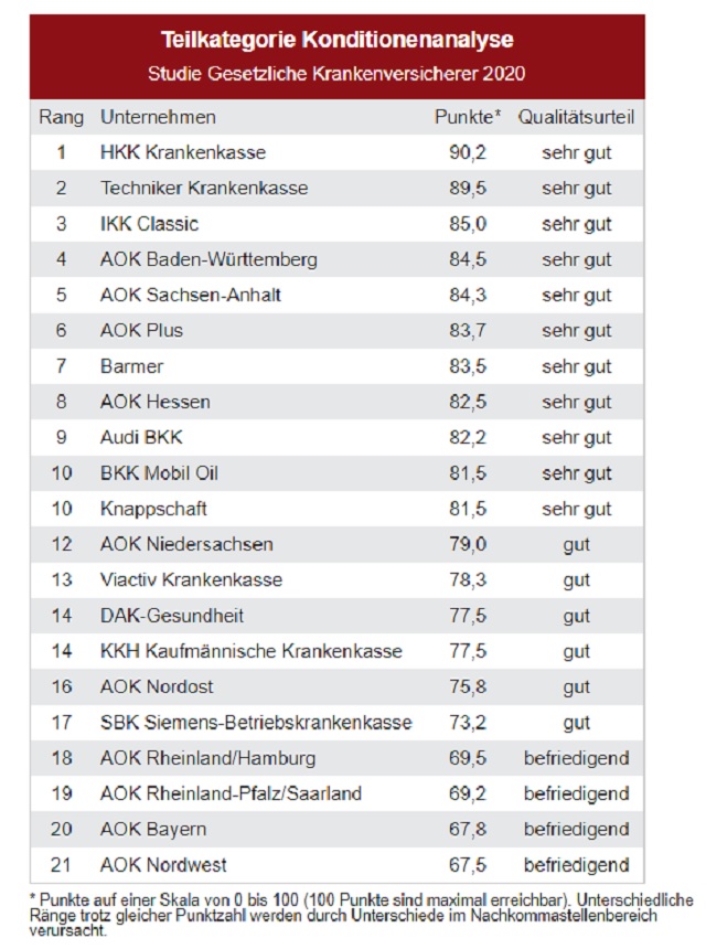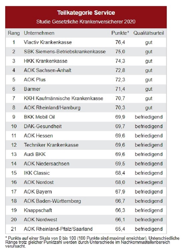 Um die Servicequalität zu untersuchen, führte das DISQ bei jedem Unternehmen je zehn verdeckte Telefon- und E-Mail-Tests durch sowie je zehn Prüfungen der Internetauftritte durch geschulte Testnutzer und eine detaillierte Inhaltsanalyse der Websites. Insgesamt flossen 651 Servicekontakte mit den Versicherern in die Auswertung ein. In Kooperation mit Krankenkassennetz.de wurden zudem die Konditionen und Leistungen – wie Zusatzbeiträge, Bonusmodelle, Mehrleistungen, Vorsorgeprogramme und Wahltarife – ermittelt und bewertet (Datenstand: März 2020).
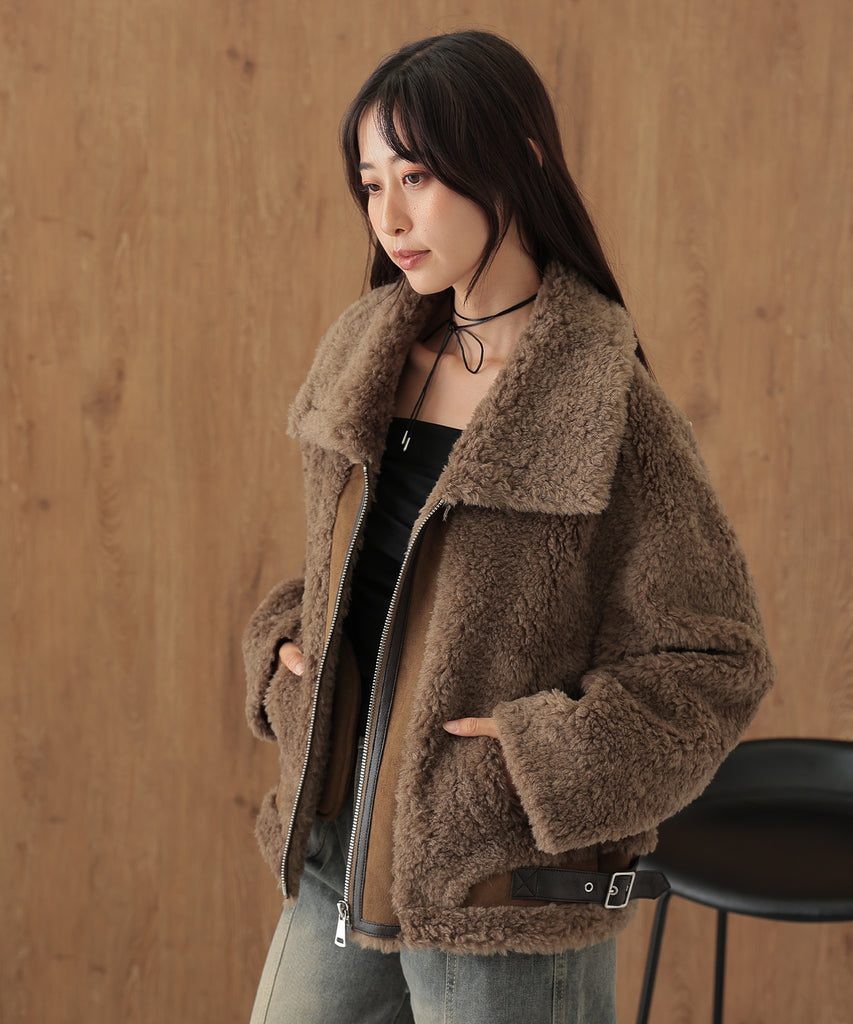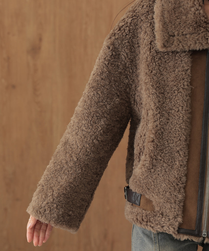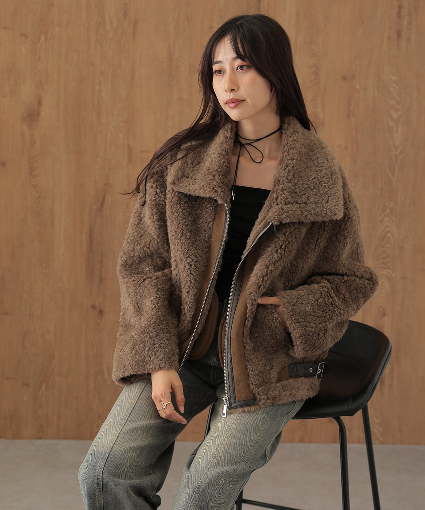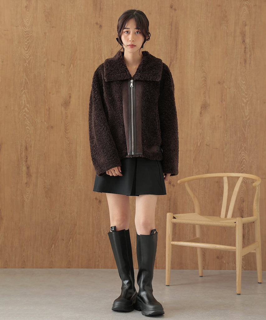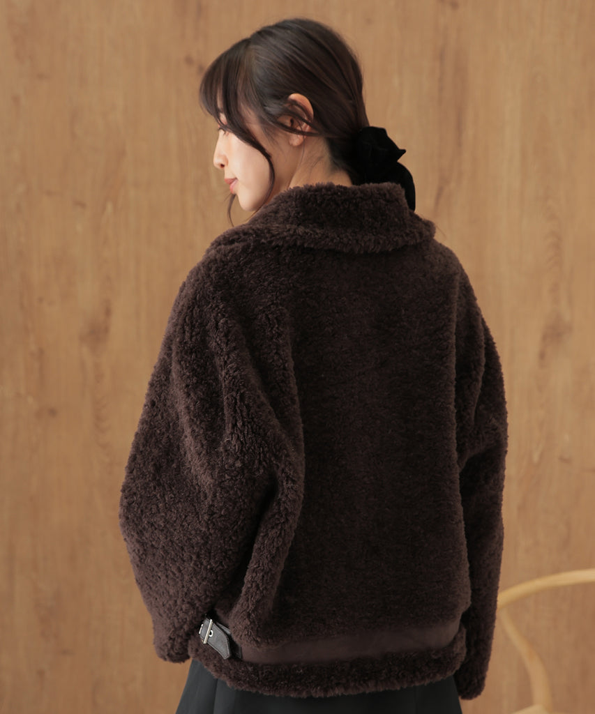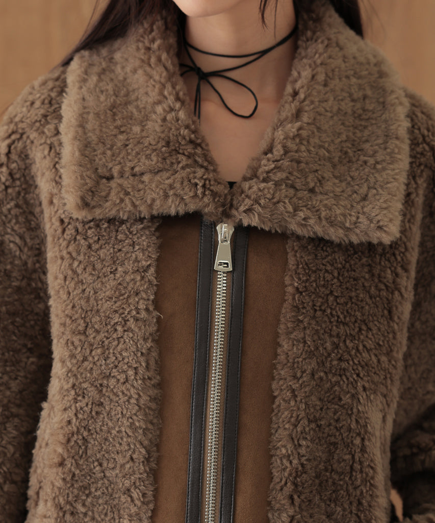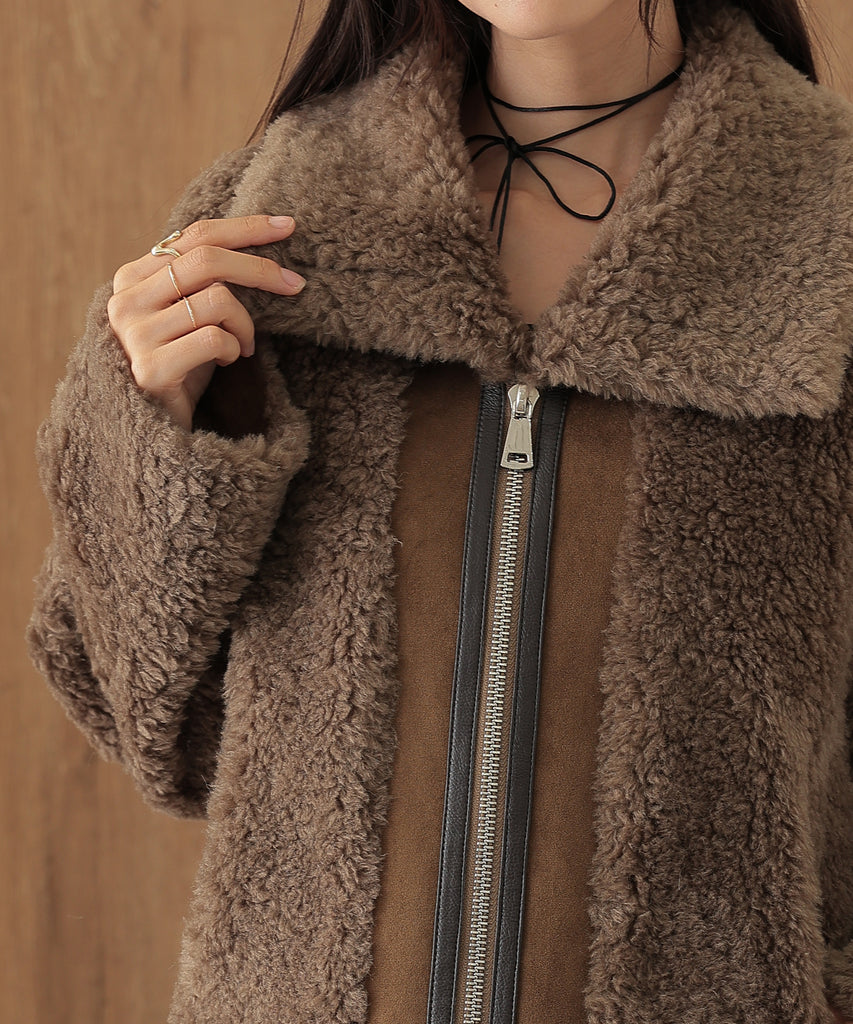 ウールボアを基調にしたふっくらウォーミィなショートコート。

|---|

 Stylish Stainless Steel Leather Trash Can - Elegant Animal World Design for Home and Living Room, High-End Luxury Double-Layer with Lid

|---|

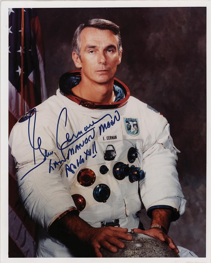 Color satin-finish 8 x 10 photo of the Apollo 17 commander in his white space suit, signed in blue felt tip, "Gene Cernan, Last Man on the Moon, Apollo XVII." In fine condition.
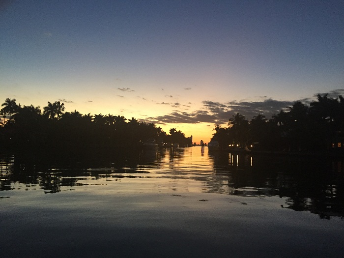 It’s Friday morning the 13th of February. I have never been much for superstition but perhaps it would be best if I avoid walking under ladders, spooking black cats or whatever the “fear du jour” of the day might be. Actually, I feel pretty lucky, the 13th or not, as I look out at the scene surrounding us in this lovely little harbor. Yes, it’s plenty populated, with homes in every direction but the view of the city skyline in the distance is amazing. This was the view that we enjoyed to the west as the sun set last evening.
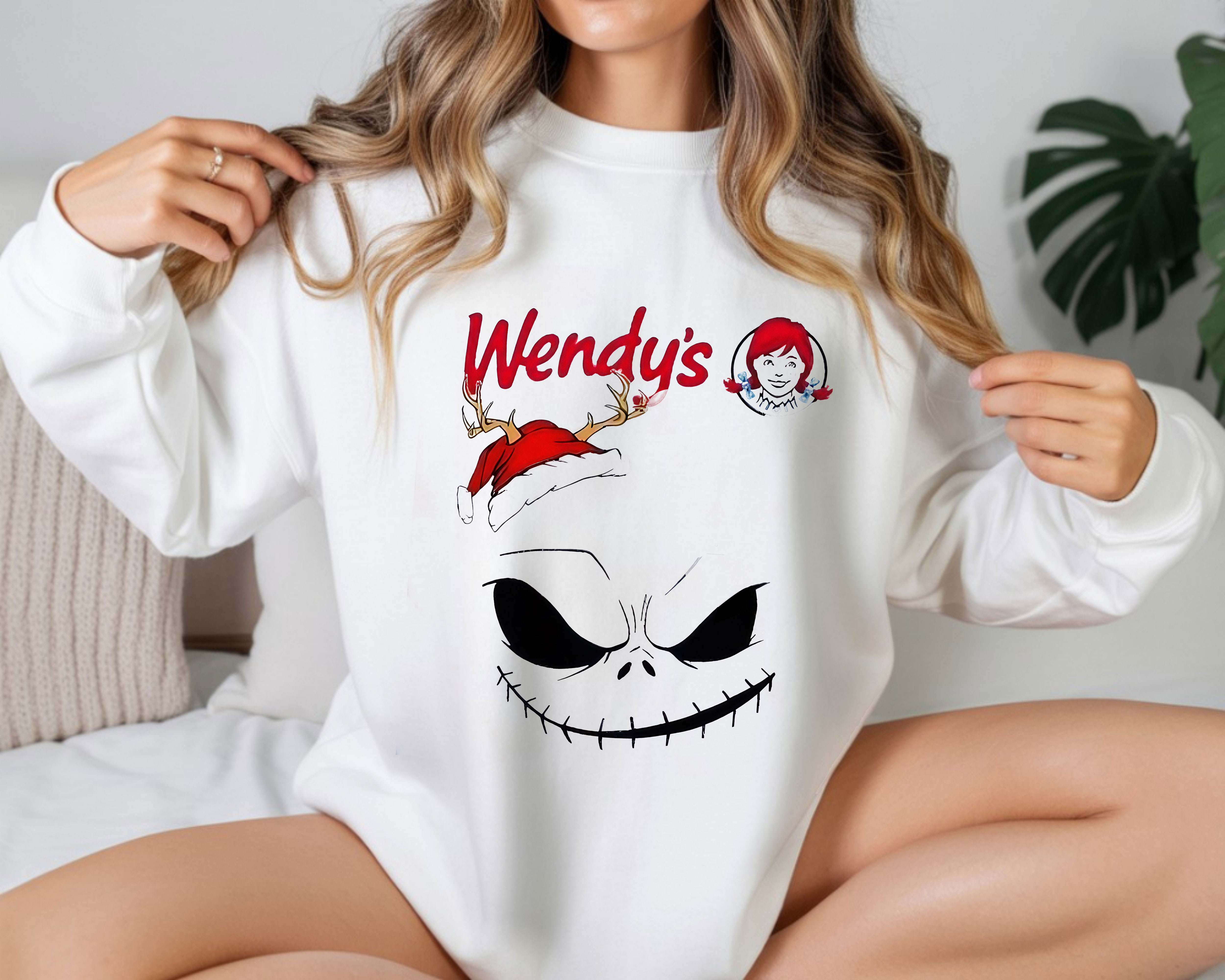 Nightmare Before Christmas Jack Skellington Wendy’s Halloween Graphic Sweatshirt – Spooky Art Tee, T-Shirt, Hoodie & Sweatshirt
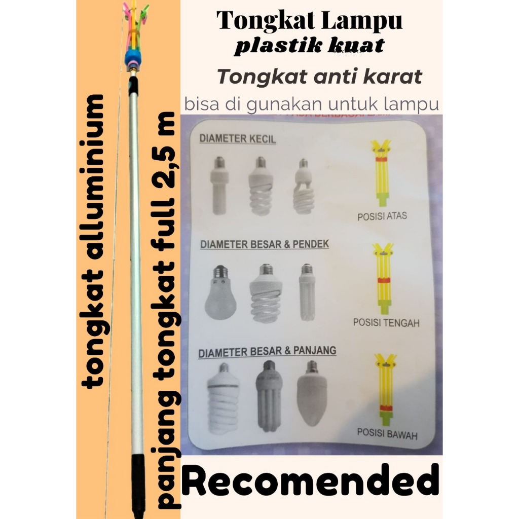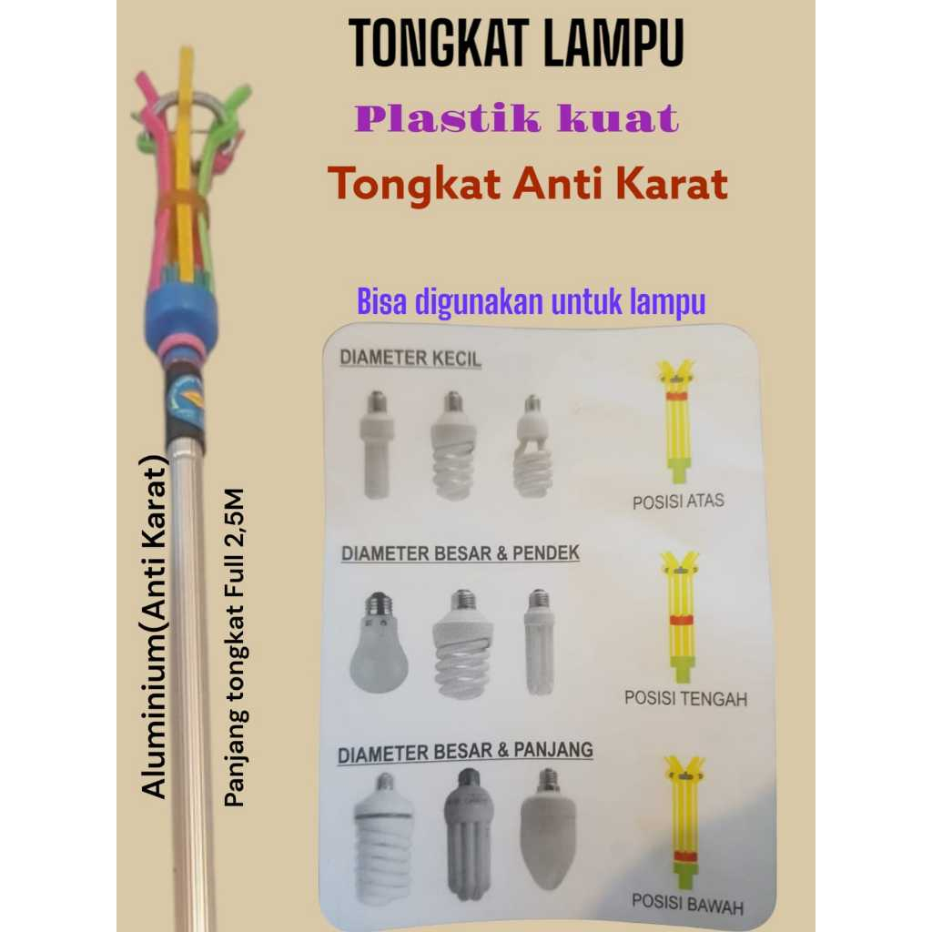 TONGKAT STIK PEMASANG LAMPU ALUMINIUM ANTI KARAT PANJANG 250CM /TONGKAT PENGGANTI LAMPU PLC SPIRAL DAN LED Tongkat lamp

|---|

What to produce
Please return the data above exactly as it stands from the line with "Um die Servicequalität" to the line with "ウールボアを基調にしたふっくらウォーミィなショートコート。", keeping both of those lines but none of the pictures.

Problem solution
 Um die Servicequalität zu untersuchen, führte das DISQ bei jedem Unternehmen je zehn verdeckte Telefon- und E-Mail-Tests durch sowie je zehn Prüfungen der Internetauftritte durch geschulte Testnutzer und eine detaillierte Inhaltsanalyse der Websites. Insgesamt flossen 651 Servicekontakte mit den Versicherern in die Auswertung ein. In Kooperation mit Krankenkassennetz.de wurden zudem die Konditionen und Leistungen – wie Zusatzbeiträge, Bonusmodelle, Mehrleistungen, Vorsorgeprogramme und Wahltarife – ermittelt und bewertet (Datenstand: März 2020).
 ウールボアを基調にしたふっくらウォーミィなショートコート。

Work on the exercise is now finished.